Two weeks ago, religious activists, including UTJ MK Rabbi Moshe Gafni, learned from press reports that the complicated move was scheduled for Shabbos. The huge turbine must be moved some 50 kilometers from the place it was manufactured to the place it will be used.

The move, which cannot proceed faster than five kilometers per hour (3 miles per hour) is expected to take 12-14 hours. The large load will block all lanes to vehicular traffic, and even require that some installations on the roadsides, such as signs, traffic lights, and other barriers, be dismantled to allow the passage and reassembled after it passes. The police originally maintained that such a move during a workday or even at night would cause havoc on the roads. It could not be completed in a single night, and would have to be spread out over 3 to 4 nights, requiring that arrangements be made to store the huge object during the day -- not a simple task. In fact, no potential interim storage areas were immediately located.

As a result police scheduled the move, which will require scores of police and other maintenance workers, for Friday night and Shabbos.

Following intervention from chareidi MKs and Shas ministers, the planned Friday night move was postponed.

Anti-religious activists were enraged at what they called "giving in to religious demands," and they insisted that the move take place on Shabbos.
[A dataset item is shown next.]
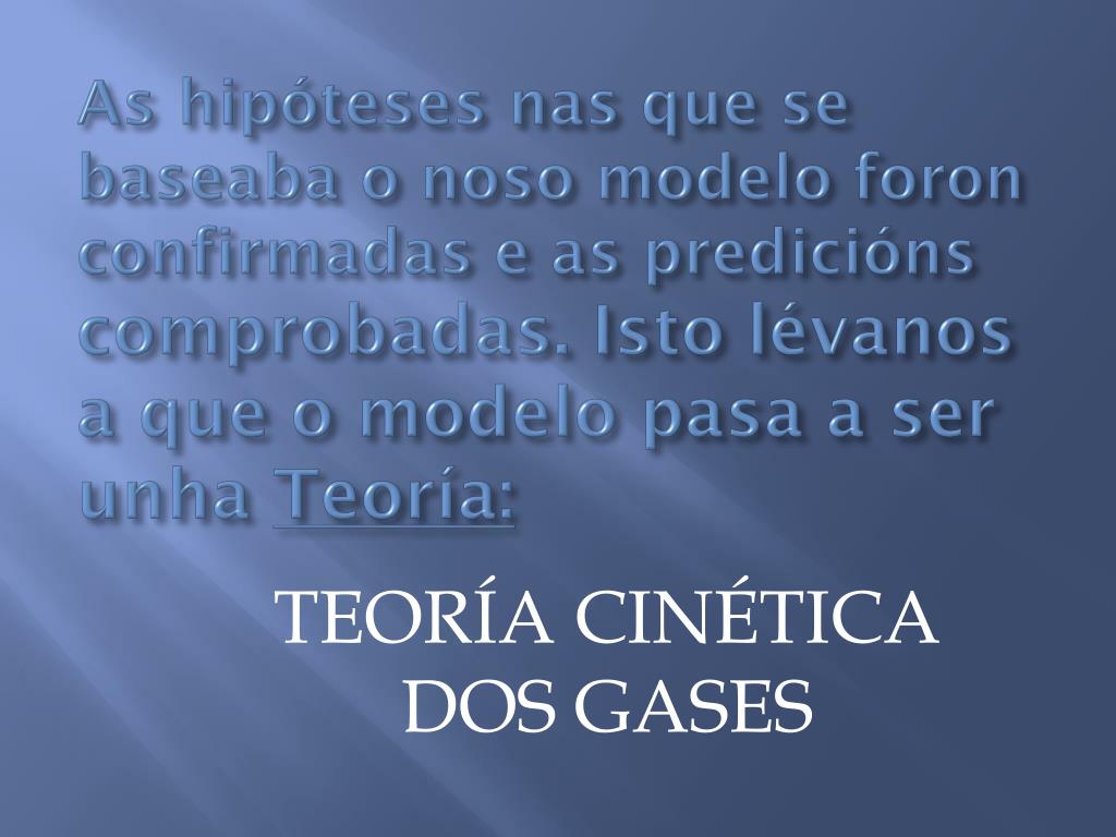 As hipóteses nas que se baseaba o noso modelo foron confirmadas e as predicións comprobadas. Isto lévanos a que o modelo pasa a ser unha Teoría: TEORÍA CINÉTICA DOS GASES

One said, "We will see who is in charge of this government: if the move takes place on Shabbos, then Meretz is in charge; if during the week then Shas is in charge."
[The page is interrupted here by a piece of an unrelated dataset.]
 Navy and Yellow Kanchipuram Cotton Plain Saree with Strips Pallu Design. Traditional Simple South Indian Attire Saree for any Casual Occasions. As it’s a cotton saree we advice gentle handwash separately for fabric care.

Now MK Yosef Paritzky of the militant anti-religious Shinui Party, has led a petition to the High Court seeking a ruling that the controversial electric company turbine be moved only on Shabbos.

The petitioners ask the Supreme court to determine that the need to avoid "the hardship the transfer of the turbine during the week will cause drivers, as well as the public's right to freedom of transportation on inter-city roads, takes precedence over the possible affront to the sensitivities of the religious community liable to be caused by the transfer of parts of the turbine on Shabbos."

The MK added the road between Ramat Hasharon and Ashkelon was among the most heavily traveled in the country and to even think of shutting it for over 12 hours during the week was unacceptable. In addition, he explained that blocking the planned move on Shabbos represented religious coercion.

The petitioners claim that a police investigation indicated that it is impossible to transfer the turbine during one weekday night.

The petitioners have also asked the court to issue an interim order preventing the transfer of the turbine from Ramat Hasharon to Ashkelon during the week, until a court decision is reached.

The petitioners contrast the Bar Ilan Road affair to the plan to transfer the turbine on weekdays. They claim that "the reason the Supreme Court sanctioned the closing of the Bar Ilan Road during prayer times was in order to enable observant Jews to use that road in order to reach their synagogues. It is also a municipal road, and there are alternate ones for those who ride on Shabbos. However all this doesn't apply to the case of the turbine. This time, the road in question is an inter-city one, and a main transportation artery in Israel. By the same token, no religious Jews use this road in order to reach their synagogues."

Religious politicians were preparing for the struggle, but some wondered if perhaps other ways could be found to generate publicity for anti-religious politicians besides trampling Shabbos.